Pepesan Peda Daun Singkong (5)

Senin, 04 November 2019


"Apakah kamu khawatir kita tak bisa masak hari ini?" Aku beranikan diri bertanya memastikan apa yang kurasakan.
Benar saja Rumaisha mengangguk lemah. Wajahnya tak mau menatapku.

"Baiklah kalau begitu aku yang akan menggantikan tugas bapak sampai bapak pulih" ujarku penuh kepercayaan diri instan.

Istriku seketika mengangkat wajahnya, menatapku dengan cara melihat yang sulit sekali aku terjemahkan. Begitu pula bapak dan ibu mertua, saat kusampaikan niat tulus bentuk rasa tanggung jawabku tanpa ragu menunjukkan air muka yang sama. Keheranan.

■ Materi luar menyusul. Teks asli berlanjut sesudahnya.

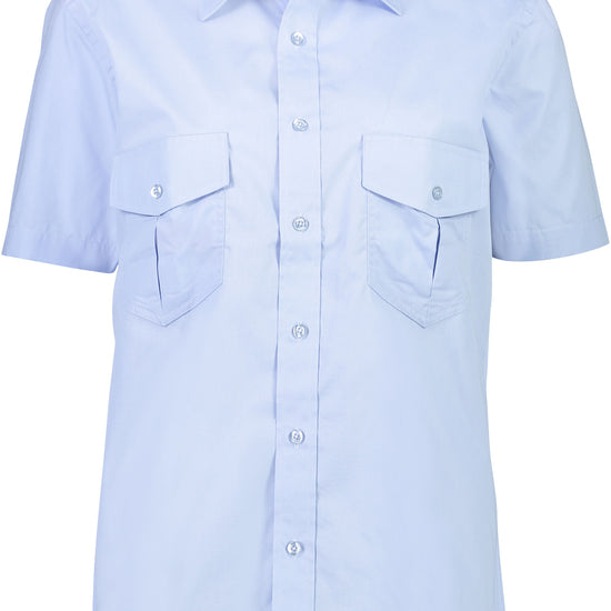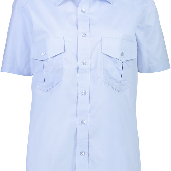 Our Short Sleeve Epaulette Shirt is a button to neck regular fit design with back shoulder pleats for ease of movement and epaulettes. Also features two pleated chest pockets with protective flaps and button fastening for security.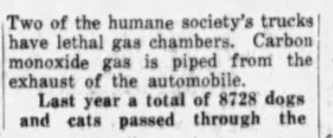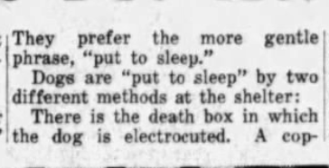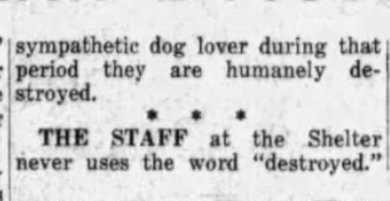 This piece stood out to me because it not only illustrates the societal views of shelter pets during this time period and talks about adoption, but also acknowledges the methodology of death of pets in shelters and the importance placed on licensing. Post 1930, the public mention of animals being killed in shelters sharply declines, so it was interesting to me to see it here in a form that is very reminiscent of much earlier mentions.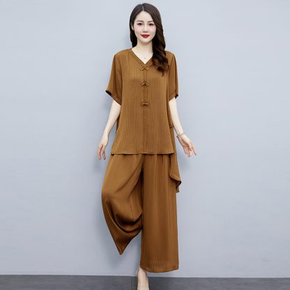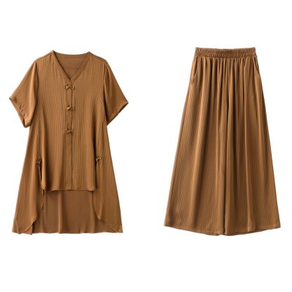 夏季女装新款时尚民族风盘扣装饰阔腿裤大版套裤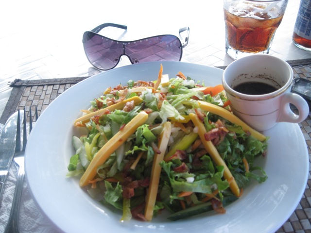 Travelers is my next “hang out spot”. So I chill and watch the day go by again. I go into my typical “trance” staring at the water. [~~I love in Jamaica how everyone speaks to each other…..Hello, Good Day, Alright, Bless – each one looks you in the eye and acknowledges your human presence.~~] I buy some CDs from beach vendor (Culture, Old School, Dennis Brown) for $300J and order a salad and Diet Pepsi with ice. Oh man this is the life…….. Soon handsome Mr. CD comes back with a love note for me (lol) and a hopeful look in his eye. Awwww it has his numba and say One Perfect Love, Blessup. Made me smile / gonna keep that note ….. and so it goes. The Patty Man went by and others selling things or making the beach walk. If you just sit down and relax everything you need will come by.

Aku tahu mereka kaget karena sesungguhnya mereka meragukan kemampuanku, namun sekaligus lega ada sebersit harapan untuk hari ini. Berat hati bapak dan ibu mertuaku mengangguk perlahan.

Keraguan mereka mungkin karena adanya anggapan bahwa aku hanya mampu mengajar mengaji dan sedikit menguasai teknik adzan yang bisa kubagikan bagi anak kampung.

Menggantikan bapak mengurus kebun keluarga Haji Kholidi yang luas bukan perkara mudah. Banyak hal kecil yang harus diperhatikan bukan hanya sekedar bersih-bersih. Tapi melihat pohon-pohon buah mana saja yang siap dipanen.
Siang harinya membuka bengkel sepeda kecil di pinggir jalan hingga lepas sore nanti. Aku sendiri sebenarnya ada ragu apakah aku bisa mengatasi hari ini dengan baik atau justru memalukan.

Benar saja, Haji Kholidi komplain mengayakan aku tak becus membersihkan kebunnya.
" Kamu bisa kerja apa tidak sebenarnya, kebunku masih tak karuan. Sampah daun kering masih berserakan seperti tak diurusi. Nggak ada bedanya dibersihkan atau tidak. Mending bapak mertuamu meski lambat semua pekerjaannya tapi selesai dan memuaskan. Tuntas." Kata Haji Kholidi mengomeliku saat aku pamit pulang sekaligus memberi tahu kalau pekerjaanku yang menggantikan bapak sudah selesai. Pak Haji yang memang sejak semula tak percaya kinerjaku, langsung turun mengecek hasil kerjaku. Rupanya ketidakpercayaannya terbukti. Alhasil Pak Haji hanya mampu memberikan uang ala kadarnya atas jerih payahku hari itu. Dua puluh ribu. Itupun kata beliau sudah ia beri nilai cukup besar karena mengingat jasa-jasa bapak mertuaku, jika tidak mungkin aku hanya akan mendapatkan separuh saja.

Aku tak kembali ke rumah selesai dari pak Haji tadi. Niatku lepas membersihkan diri di langgar, adzan dan salat di sana aku langsung saja membuka bengkel lebih awal. Aku ingin membuktikan bahwa aku mampu.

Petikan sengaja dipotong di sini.